-- The records follows --

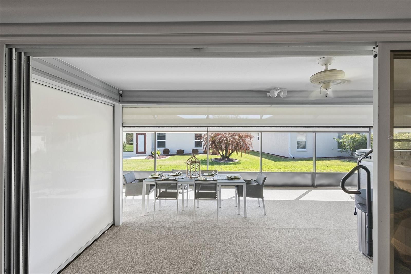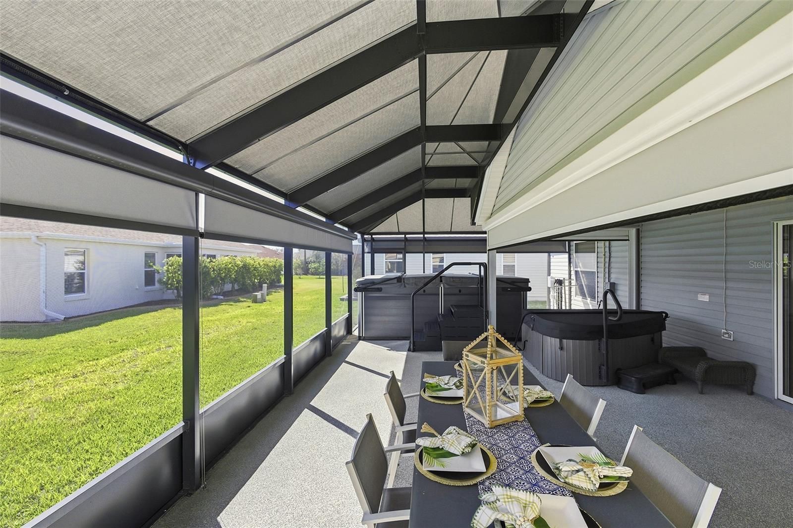 Welcome Home to this pristinely maintained Whispering Pine designer home ideally located in the Village of Tall Trees in The Villages. ROOF 2020. HVAC 2022. WH 2021. Situated on an expansive homesite with attractive landscaping and a welcoming front entry, this property offers both curb appeal and exceptional outdoor living space in one of the most convenient locations in the community. WATCH the VIDEO TOUR by clicking on the Tour Link above. Enjoy !! Step inside to an open and airy interior where volume ceilings and a soft, neutral color palette create a bright and inviting atmosphere. Luxury vinyl plank flooring flows throughout the main living areas and primary suite, adding both style and durability. The spacious living and dining areas connect seamlessly to the kitchen, making the layout ideal for both everyday living and entertaining. The kitchen features crisp white cabinetry, stainless steel appliances, and the added benefit of natural gas service, perfect for those who enjoy cooking on a gas range. Generous counter space and cabinetry provide excellent storage and functionality. The primary bedroom suite is spacious and comfortable, offering a relaxing retreat with continued luxury vinyl plank flooring and abundant natural light. Two additional guest bedrooms provide flexibility for visiting family, hobbies, or a home office, while the guest bathroom is conveniently located nearby. One of the standout features of this home is the exceptional outdoor living space. The oversized lanai creates a true backyard oasis and is equipped with automatic remote-controlled roll-down shades that allow you to adjust privacy and sunlight throughout the day. Here you will find a swim spa and hot tub, perfect for relaxing or entertaining guests year-round. Enjoy the sunset in the front of the home where you'll find an open patio with a lighted seating area, creating the ideal setting for evening gatherings under the Florida sky. Inside the home, automated remote-control sheer shades on the windows allow for additional light control while maintaining an elegant look. For peace of mind, several major updates have already been completed, including a new roof in 2020, water heater replaced in 2021, and HVAC system replaced in 2022. The Village of Tall Trees is known for its beautifully established surroundings and its incredibly convenient location. Residents enjoy quick access to shopping, dining, and everyday conveniences along the 466 corridor, while Lake Sumter Landing Market Square is just minutes away. Spanish Springs and Brownwood Paddock Square are also easily accessible, offering live entertainment, restaurants, boutiques, and the vibrant lifestyle that makes The Villages so special. This beautifully maintained Whispering Pine offers a rare combination of space, updates, outdoor luxury, and an outstanding central location. It is a wonderful opportunity to enjoy the very best of The Villages lifestyle.
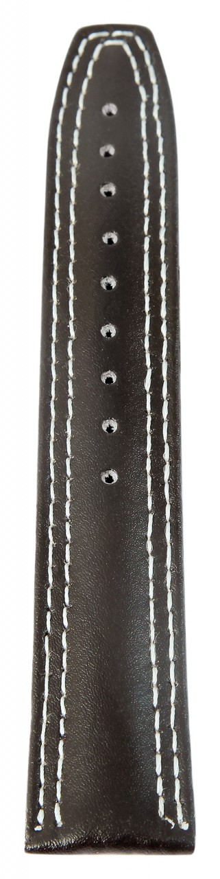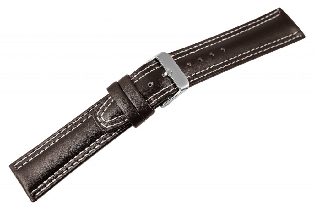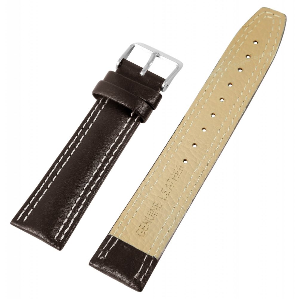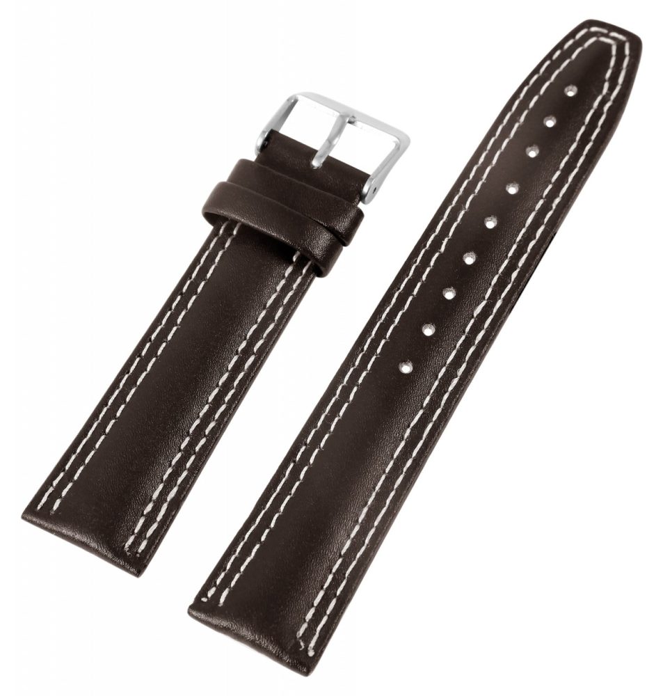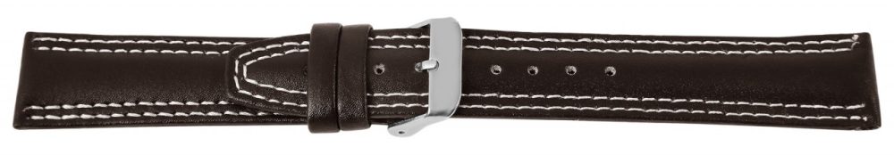 Bracelete de reposição em pele genuína na cor castanho escuro. A costura externa é dupla na cor branca. A bracelete é granulada e acolchoada. Foi feito de couro de bezerro. A bracelete tem uma fivela de alfinete e duas presilhas. A parte do furo afunila até uma ponta no final.
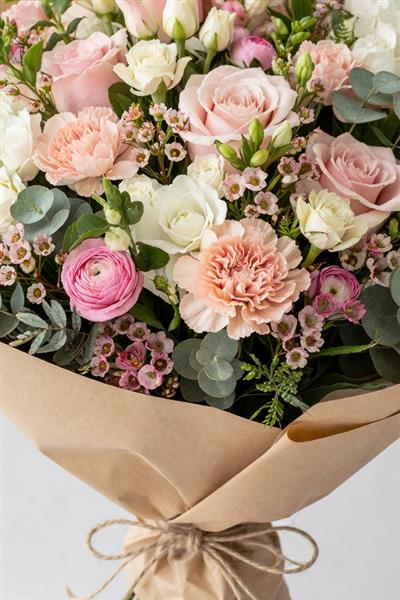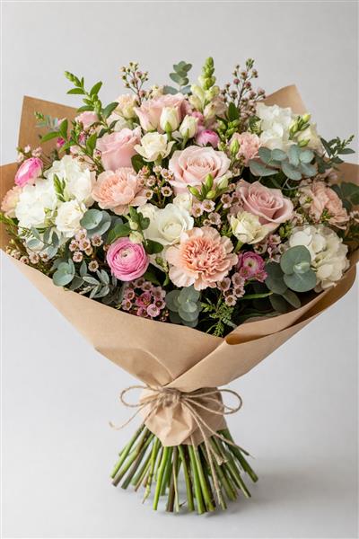 A soft and romantic hand-tied bouquet featuring blush and peach roses, delicate ranunculus, pink wax flower, and seasonal blooms, finished with fresh eucalyptus. Beautifully wrapped in natural kraft paper and tied with rustic twine, this elegant arrangement is perfect for any occasion.
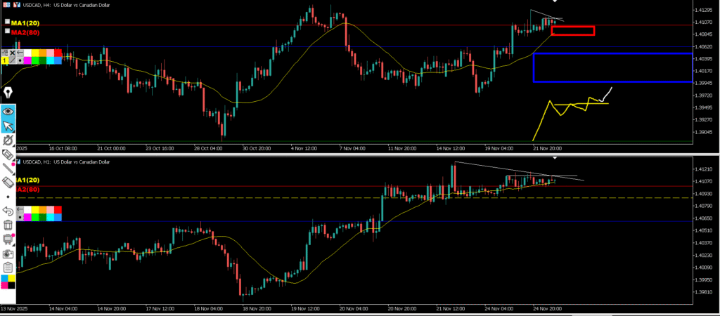 4h1h上なので欧州前後であれば攻防ライン抜けエントリーを考えたいがドルカナダ欧州で動くか?
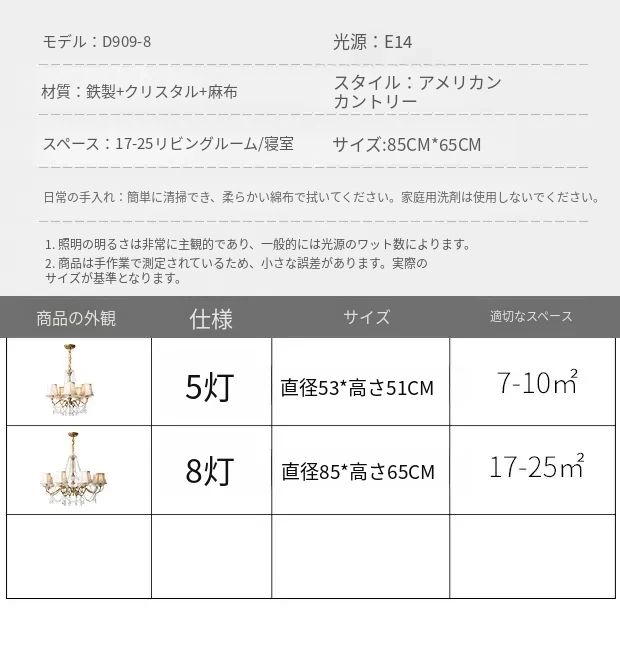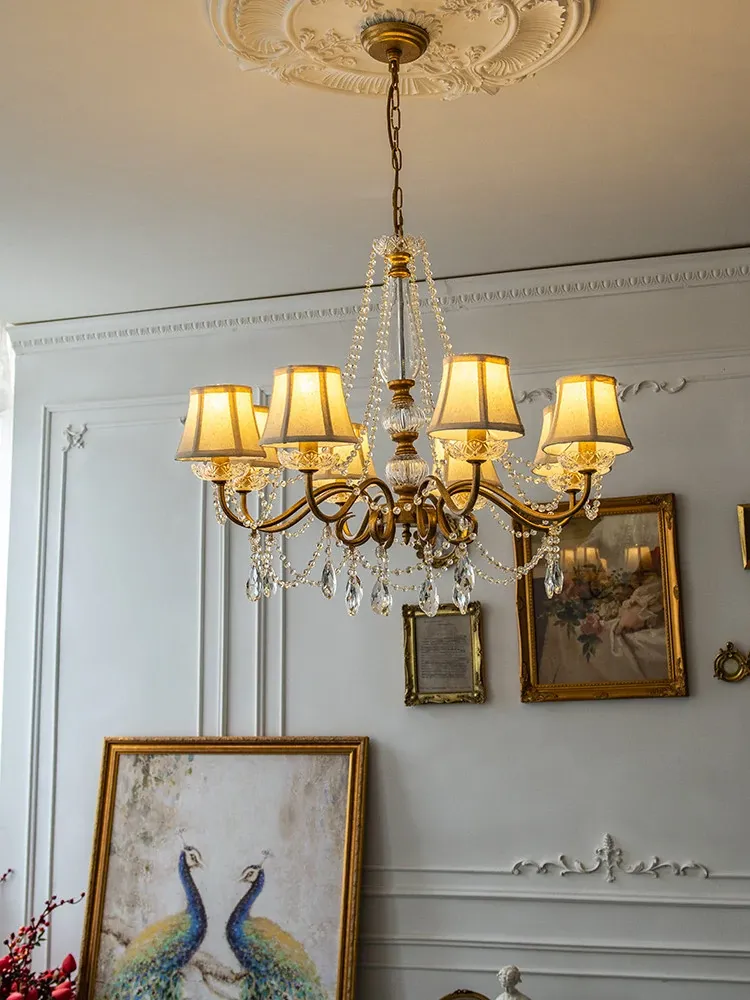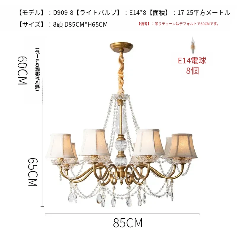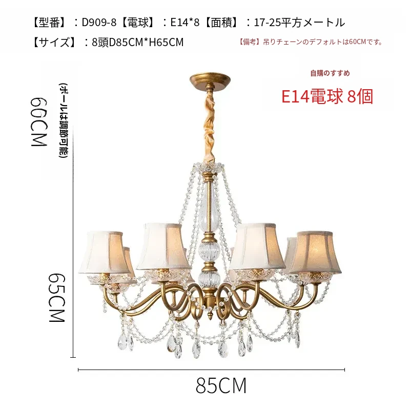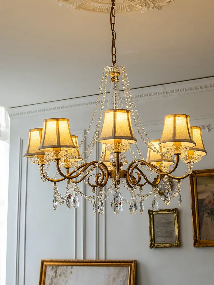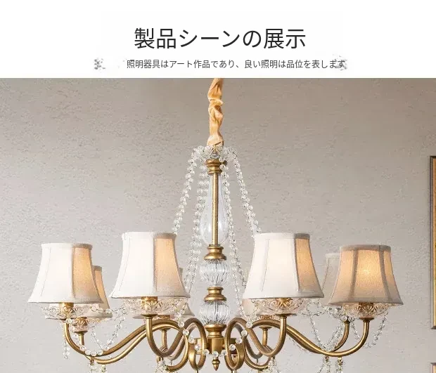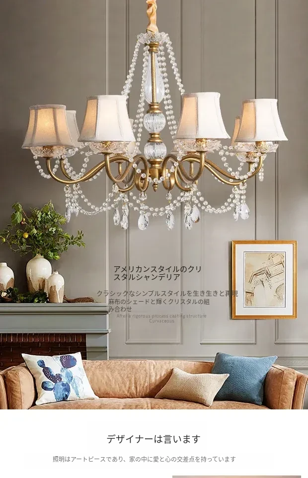 アメリカンスタイルの寝室用シャンデリア!クリエイティブなデザインのホームランプ、レトロなクリスタルとフレンチスタイルが融合した軽やかな贅沢感。リビングルームを華やかに彩る、魅力あふれる照明です!

-- The records concluded --

### What to do
Only the lines from the one with "A soft and romantic" through the end of the listing should be transcribed, exactly and without pictures.

### Answer box
 A soft and romantic hand-tied bouquet featuring blush and peach roses, delicate ranunculus, pink wax flower, and seasonal blooms, finished with fresh eucalyptus. Beautifully wrapped in natural kraft paper and tied with rustic twine, this elegant arrangement is perfect for any occasion.
 4h1h上なので欧州前後であれば攻防ライン抜けエントリーを考えたいがドルカナダ欧州で動くか?
 アメリカンスタイルの寝室用シャンデリア!クリエイティブなデザインのホームランプ、レトロなクリスタルとフレンチスタイルが融合した軽やかな贅沢感。リビングルームを華やかに彩る、魅力あふれる照明です!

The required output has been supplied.